## Assignment
Repeat the entire listing exactly. Omit all pictures.

## Recorded information
· · · · ·
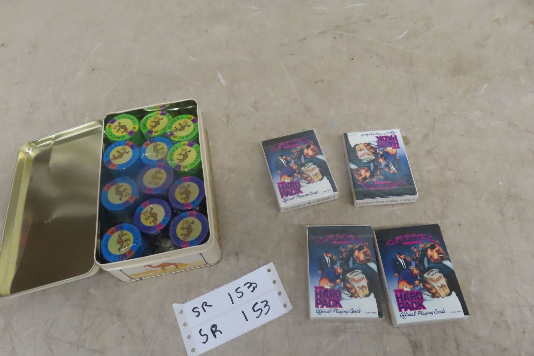 Camel Tin With Camel Poker Chips & 4 Packs Playing Cards
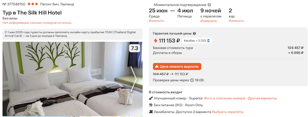 Стоимость в примерах указана за одного человека при условии поездки вдвоем, стоимость туров для одного человека можно посмотреть здесь или на страницах отелей.
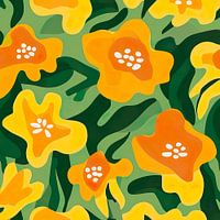 Breng warmte en vrolijkheid in je interieur met deze prachtige bloemenprint! De speelse gele en oranje bloemen, gecombineerd met weelderig groene bladeren, geven elke ruimte een frisse en artistieke uitstraling. De moderne, abstracte stijl doet denken aan de levendige knipselkunst van Matisse en past perfect in een eigentijds of…
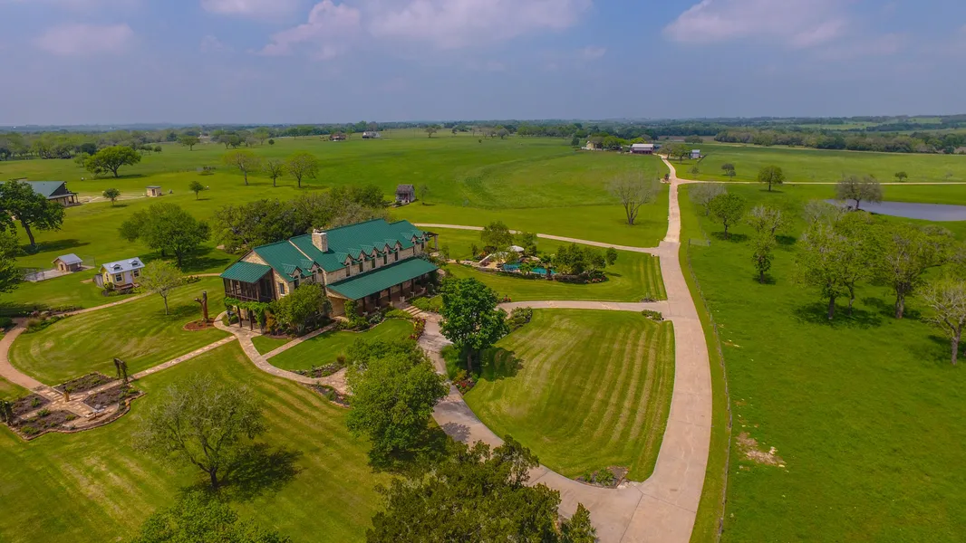 The ranch boasts a distinguished 2-story, 4-bedroom, 4- bathroom Austin stone main lodge, built on a scenic hill overlooking a large lake, with luxurious accommodations and expansive spaces for entertaining. The layout features a large master suite, 3 additional guest rooms 2 of which include en suite baths an executive office, private balconies and abundant covered porches, including an expansive fully screened back patio/porch. The interior of the lodge is highlighted with stained concrete floors, vaulted 2-story ceilings, exposed stone walls with an exceptionally grand fireplace, gourmet island kitchen with granite countertops, ice maker and upscale appliances, which include 2 dishwashers, all enhanced by refined rustic dcor and furnishings. The first floor also features a full wet bar with sink, ice maker and roomy refrigerated drawers. The area immediately surrounding the lodge is exceptionally beautiful, with lush lawns and landscaping, a waterfall pool and spa, covered outdoor kitchen and spacious cantina bar and dining area, a lovely, plotted varietal rose garden, a shady meditation garden serenaded by a splashing water feature, a charming, perfectly scaled playhouse delightful for any mini-chef, a rustic just-for-fun log cabin for camping out, a stone fire ring and a 5-car garage with exceptional storage cabinetry, topped with a charming upstairs casita apartment.
· · · · ·
## Exercise output
 Camel Tin With Camel Poker Chips & 4 Packs Playing Cards
 Стоимость в примерах указана за одного человека при условии поездки вдвоем, стоимость туров для одного человека можно посмотреть здесь или на страницах отелей.
 Breng warmte en vrolijkheid in je interieur met deze prachtige bloemenprint! De speelse gele en oranje bloemen, gecombineerd met weelderig groene bladeren, geven elke ruimte een frisse en artistieke uitstraling. De moderne, abstracte stijl doet denken aan de levendige knipselkunst van Matisse en past perfect in een eigentijds of…
 The ranch boasts a distinguished 2-story, 4-bedroom, 4- bathroom Austin stone main lodge, built on a scenic hill overlooking a large lake, with luxurious accommodations and expansive spaces for entertaining. The layout features a large master suite, 3 additional guest rooms 2 of which include en suite baths an executive office, private balconies and abundant covered porches, including an expansive fully screened back patio/porch. The interior of the lodge is highlighted with stained concrete floors, vaulted 2-story ceilings, exposed stone walls with an exceptionally grand fireplace, gourmet island kitchen with granite countertops, ice maker and upscale appliances, which include 2 dishwashers, all enhanced by refined rustic dcor and furnishings. The first floor also features a full wet bar with sink, ice maker and roomy refrigerated drawers. The area immediately surrounding the lodge is exceptionally beautiful, with lush lawns and landscaping, a waterfall pool and spa, covered outdoor kitchen and spacious cantina bar and dining area, a lovely, plotted varietal rose garden, a shady meditation garden serenaded by a splashing water feature, a charming, perfectly scaled playhouse delightful for any mini-chef, a rustic just-for-fun log cabin for camping out, a stone fire ring and a 5-car garage with exceptional storage cabinetry, topped with a charming upstairs casita apartment.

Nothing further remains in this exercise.